Doubting Thomas' views of health reform
The Daily Herald recently called for its readers to "learn the facts and then join the dialogue" on health care. Ironically, the very same page featured a column by Cal Thomas perpetuating the most egregious right-wing lies concerning health care reform.
Thomas claims that, while the Christian right values life (issues of war excluded, presumably) the "secular left" sees life as expendable, and the elderly in particular as a "burden." Thomas conveniently ignores the facts in order to stoke irrational fears about government "death panels." So let's put pseudo-philosophical nonsense aside and look at the facts of life under profit-driven health care.
Currently, 47 million Americans are uninsured and another 100 million are underinsured. Although 15 percent of Americans have no insurance, we still pay the highest percentage of gross domestic product of any country in the world on health care: 15 percent in 2007. In 2007, we spent $2.2 trillion on health care, or about $7,500 per person, far higher than Great Britain's $160 billion per year, and Canada, which capped its spending at 10 percent of the GDP and spends about $3,500 per person.
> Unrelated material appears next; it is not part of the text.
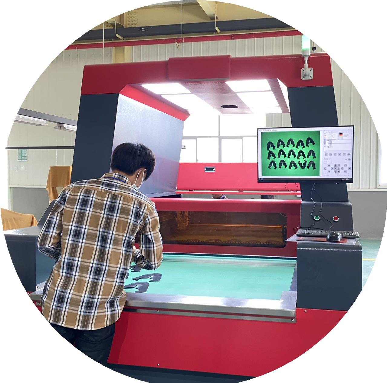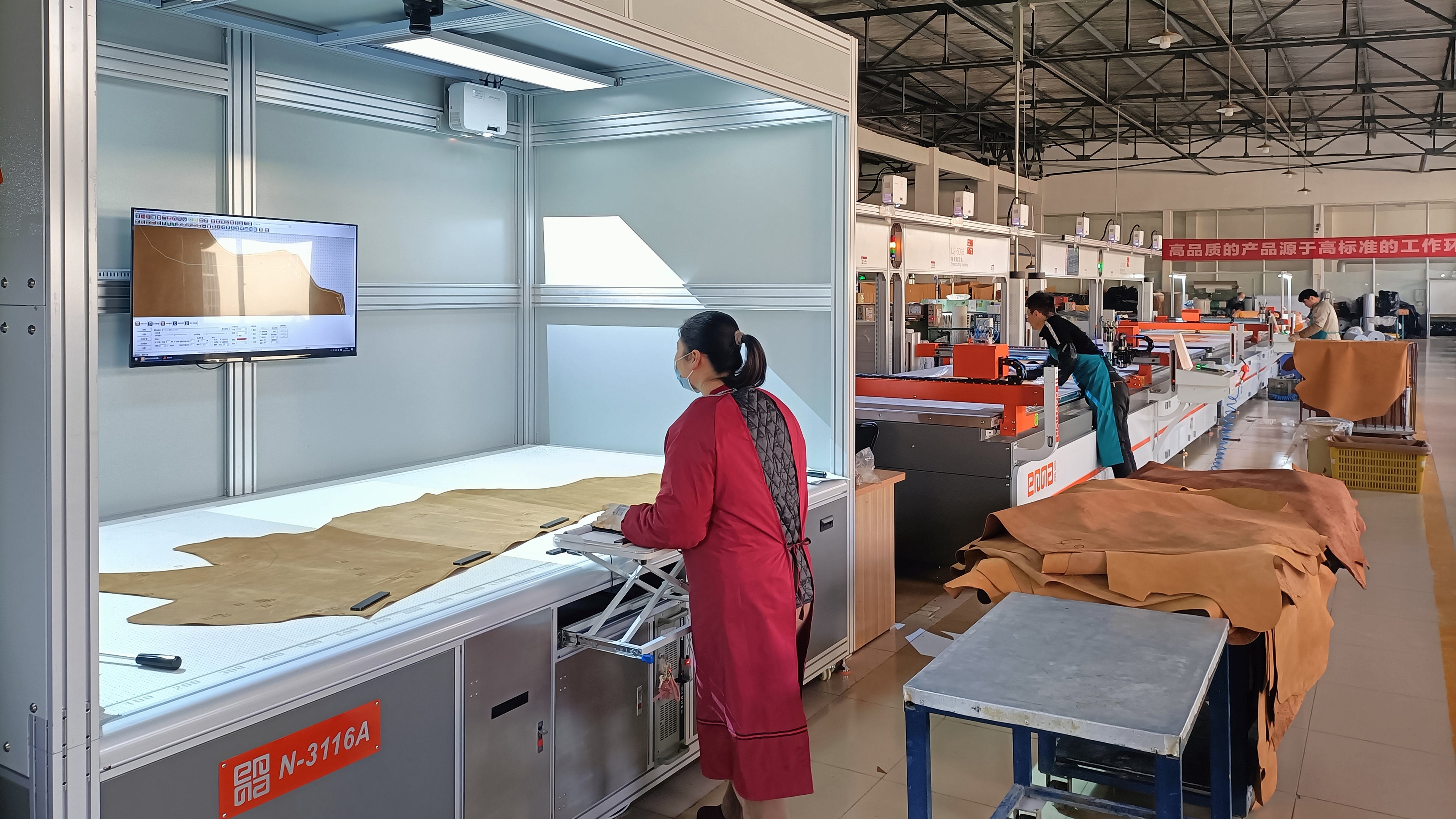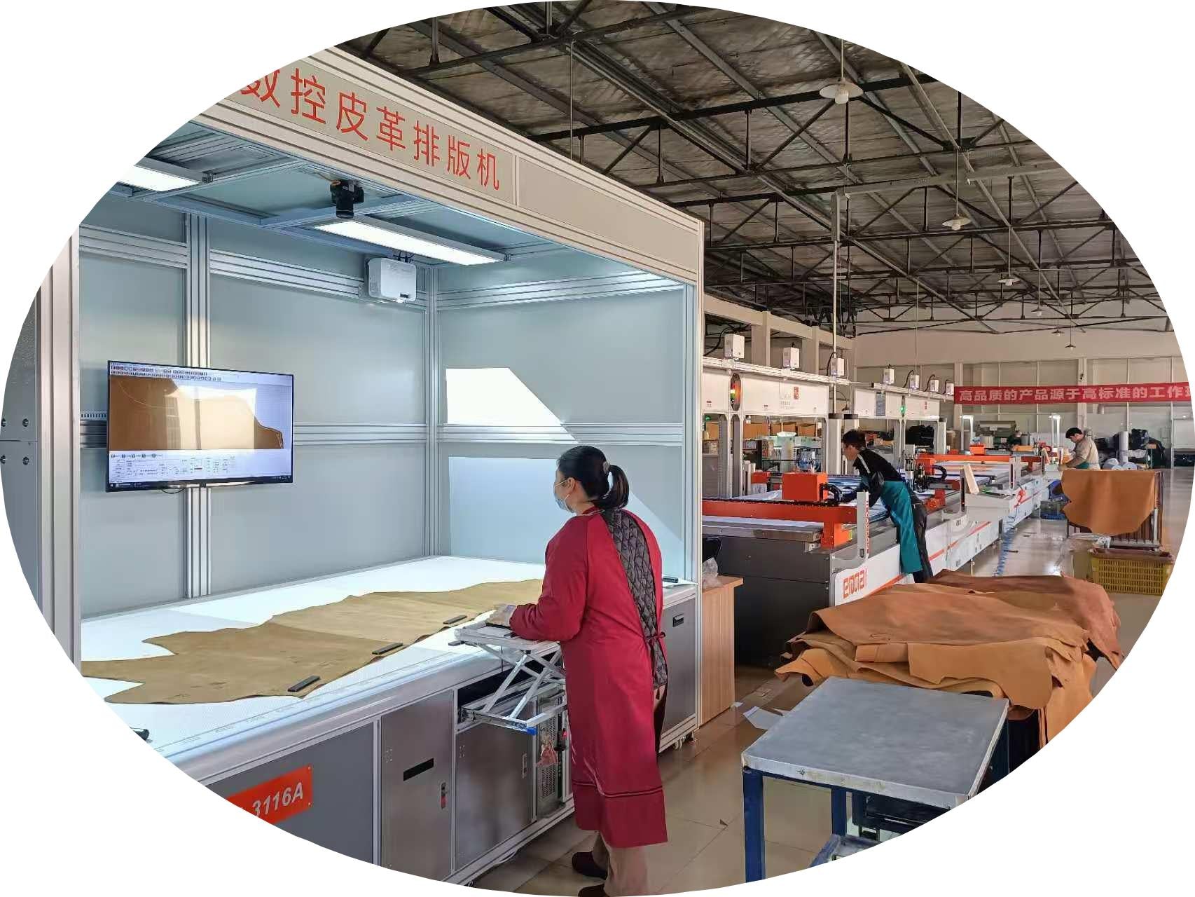 This equipment is used for cutting leather with automated technology, helping to save materials and labor costs.

These higher costs don't necessarily equal better care; the U.S. is ranked 37th by the World Health Organization in overall performance and 72nd in overall health. In the U.S., two-thirds of all personal bankruptcies are due to health care costs. Finally, the Institute of Medicine estimates that 22,000 Americans die each year from lack of insurance. As the facts make clear, it is Thomas' beloved free-market that puts a price tag on life, treating the elderly and indigent as "a burden."
Maybe Thomas can explain how allowing people unable to afford private insurance (i.e.: those whose lives are deemed unprofitable by the insurance companies) to buy into a public Medicare-style plan amounts to a devaluation of life?